The next question is whether clause (5) of Art. 148 permits the enactment of rules having retrospective operation. It is settled law that unless a statute conferring the power to make rules provides for the making of rules with retrospective operation, the rules made pursuant to that power can have prospective operation only. An exception, however, is the proviso to Art. 309. In B. S. Vadera v. Union of India & Ors. this Court held that the rules framed under the proviso to Art. 309 of the Constitution could have retrospective operation. The conclusion followed from the circumstance that the power conferred under the porviso to Art. 309 was intended to fill a hiatus that is to say, until Parliament or a State Legislature enacted a law on the subject matter of Art. 309. The rules framed under the proviso to Art. 309 were transient in character and were to do duty only until legislation was enacted. As interim substitutes for such legislation it was clearly intended that the rules should have the same range of operation as an Act 163 of Parliament or of the State Legislature. The intent was reinforced by the declaration in the proviso to Art. 309 that "any rules so made shall have effect subject to the provisions of any such Act". Those features are absent in clause (5) of Art. 148. There is nothing in the language of that clause to indicate that the rules framed therein were intended to serve until Parliamentary legislation was enacted. All that the clause says is that the rules framed would be subject to the provisions of the Constitution and of any law made by Parliament. We are satisfied that clause (5) of Art. 148 confers power on the President to frame rules operating prospectively only. Clearly then. the rules of 1974 cannot have retrospective operation, and therefore sub-rule (2) of rule 1, which declares that they will be deemed to have come into force on 27th July, 1956 must be held ultra vires.

If the Rules of 1974 do not cover the case of the respondents then admittedly the only question which remains in regard to them is whether the amendment intended by the Comptroller and Auditor General in 1956 to paragraph 143 of the Manual of Standing Orders results in amending that paragraph. The amendment is in the form of a correction slip which, it is not disputed, possesses the status of an administrative instruction.
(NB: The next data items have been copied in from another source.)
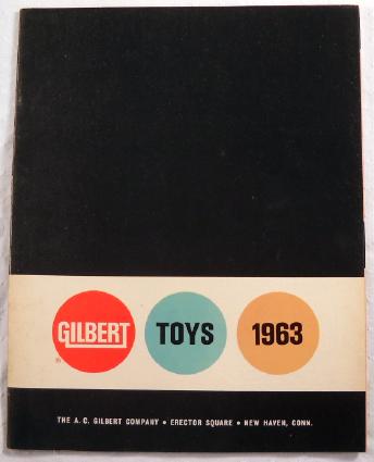 Remembering that H.H.D. was known as the 'Meccano Company of America' pre-war, at the same address as H.H.D. was later, I am among those who believe that Mr. Dobson was originally a Meccano employee, and that Meccano Ltd. retained a substantial share (at least) in the company post-war, but I guess we shall never know the truth, nor why the company shut down. (Ironically I once heard from a fellow collector that Henry Hudson Dobson Jr., the son, *did* also go into the toy distribution business and wound up in Texas (no connection to AVA). But I cannot locate any documentation to this effect, so it's only hearsay.) What is indisputable is that H.H.D. did an excellent job of promulgating Dinky Toys throughout the U.S. -- for you lucky older collectors who were able to be on the scene -- but then it all went pear-shaped, as the British say, during 1960. I will never forget being, as a fanatically interested five-year-old, being handed the 1961 Dinky Toy catalogue by staff of the Palo Alto Sport and Toy World (a shop which amazingly, still exists under family ownership), but being told that they could no longer get new models because the distributor had shut down. It was suggested to my mother that she write Meccano Ltd. directly or contact a company called Keystone Brothers that was supposed to be the local jobber (if she ever pursued either, it didn't do any good). The dates of the A.C. Gilbert arrangement are well-known: just from 1963 until 1964, at which point Lines Brothers took over. One 1963 catalogue was published by Gilbert, showing a limited Dinky range along with chemistry sets and other products they distributed. I have a copy, though not accessible to be scanned just now ... the image below, grabbed from elsewhere on the internet, shows what the cover of it looked like.
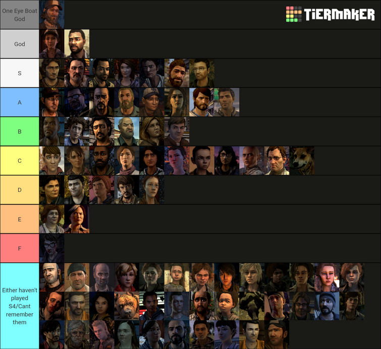 To get into S Tier the character needed at least a mean of 904810. The Walking Dead Character Tier List Try out the tier list for yourself. After years on the road facing threats living and dead Clementine must build a life and become a leader while still watching over AJ an orphaned boy and the closest thing to family she has left.
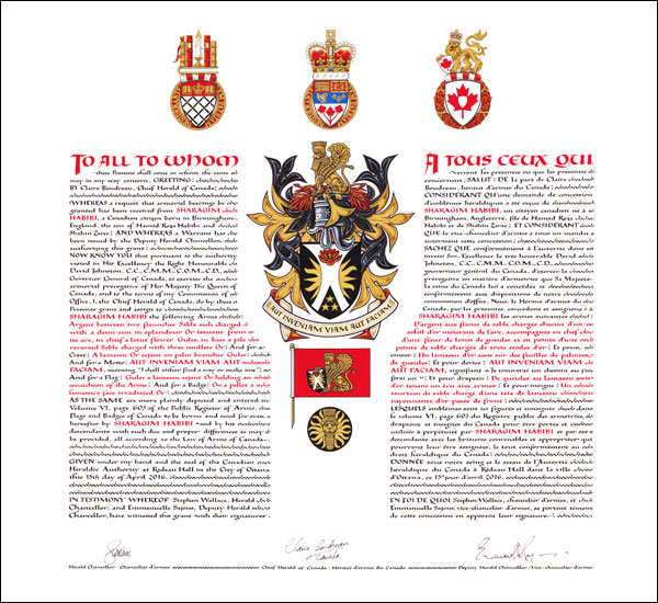 Additional InformationCreator(s)Original concept of Samy Khalid, Saguenay Herald, assisted by the heralds of the Canadian Heraldic Authority. PainterEva Pilar-Cass CalligrapherLuc Saucier Recipient TypeIndividual |
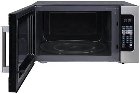 The stainless steel finish of this countertop microwave exudes modern elegance, making it a stylish addition to any kitchen. Its smooth, reflective surface not only enhances its aesthetic appeal but also provides durability against scratches, fingerprints, and smudges. We appreciate the thoughtful design details, including the user-friendly pull-handle door that seamlessly opens to reveal a spacious 2.2 cubic feet interior. It effortlessly accommodates a full-size dinner plate, thanks to the rotating glass turntable that guarantees even heat distribution.
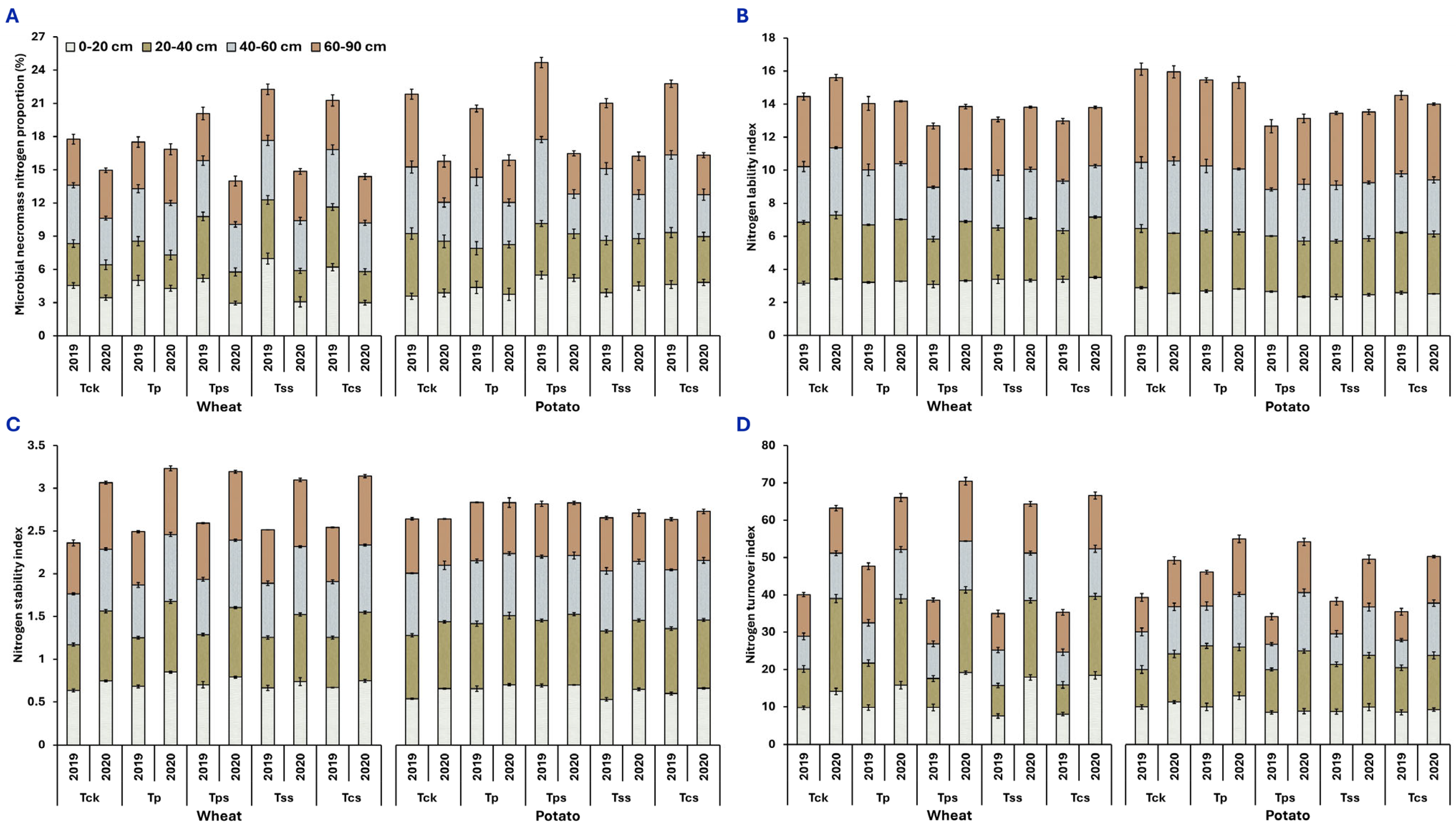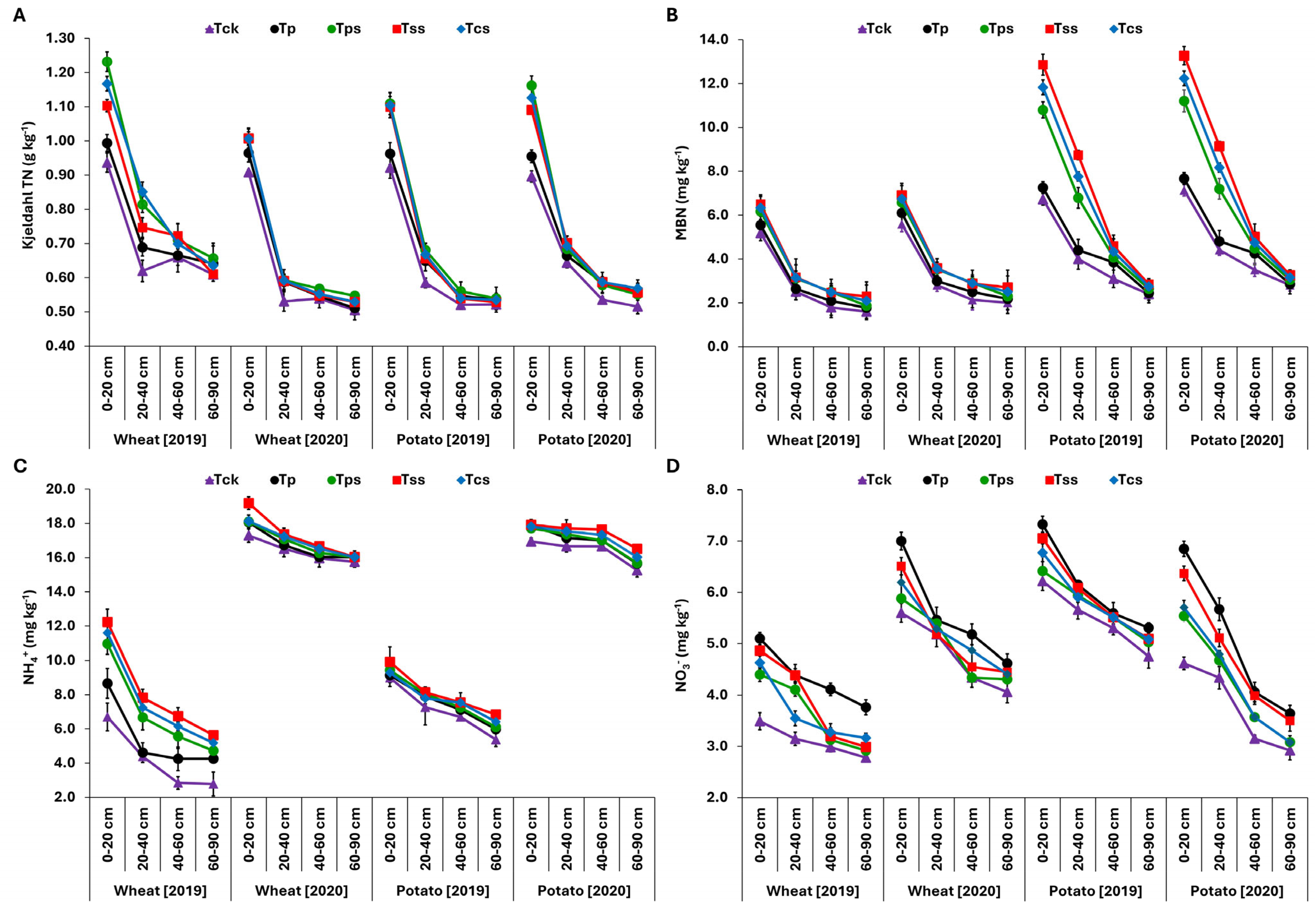 Pang L, Xia B, Girmanee TG, Mumtaz MZ, Hu N, Wang X, Wang X, Zheng H, Lu J. Maize Straw Strip Mulching Mediated Transformation of Soil Organic Nitrogen Across Soil Depths in Wheat and Potato Cultivation. Agriculture. 2026; 16(6):674. https://doi.org/10.3390/agriculture16060674

The contention on behalf of the respondents is that paragraph 143 possesses the status of a statutory rule and, therefore, the amendment attempted by the correction slip has no legal effect on it. The High Court held that paragraph 143 was a statutory rule and it proceeded to hold so on the basis of affidavits filed before it. But the matter has been more carefully researched since, and the relevant material is now set out in the special leave petition, which has given rise to this appeal. It appears that in 1921 the Auditor-General, as the administrative head of the Indian Audit Department, inserted Art. 1666A by a circular No. 1757-E/1129 dated 18th April, 1921 giving weight to the length of service in the fixation of seniority. In the Audit Code prepared subsequently, Art, 1666A appeared as Art. 52. Thereafter, in the Manual of Standing Orders issued by the Auditor-General in 1938, Art. 52 found expression as paragraph 143. The provision never acquired statutory force under the Government of India Act, 1919. Learned counsel for the respondents urges that it acquired statutory force under sub-s. (2) of s. 252. Government of India Act, 1935. Sub-ss. (1) and (2) of s. 252 provide:

"252. (1) All persons who immediately before the commencement of Part III of this Act were members of the staff of the High Commissioner for India, or members of the staff of the Auditor of the accounts of the Secretary 164 of State in Council, shall continue to be, or shall become, members of the staff of the High Commissioner for India or, as the case may be, of the Auditor of Indian Home Accounts.
(2) All such persons aforesaid shall hold their offices or posts subject to like conditions of service as to remuneration, pensions or otherwise, as therefore, or not less favourable conditions, and shall be entitled to reckon for purposes of pension any service which they would have been, entitled to reckon if this Act had not been passed.
* * * * *"
Sub-s. (2) of s. 252 does not help the respondents.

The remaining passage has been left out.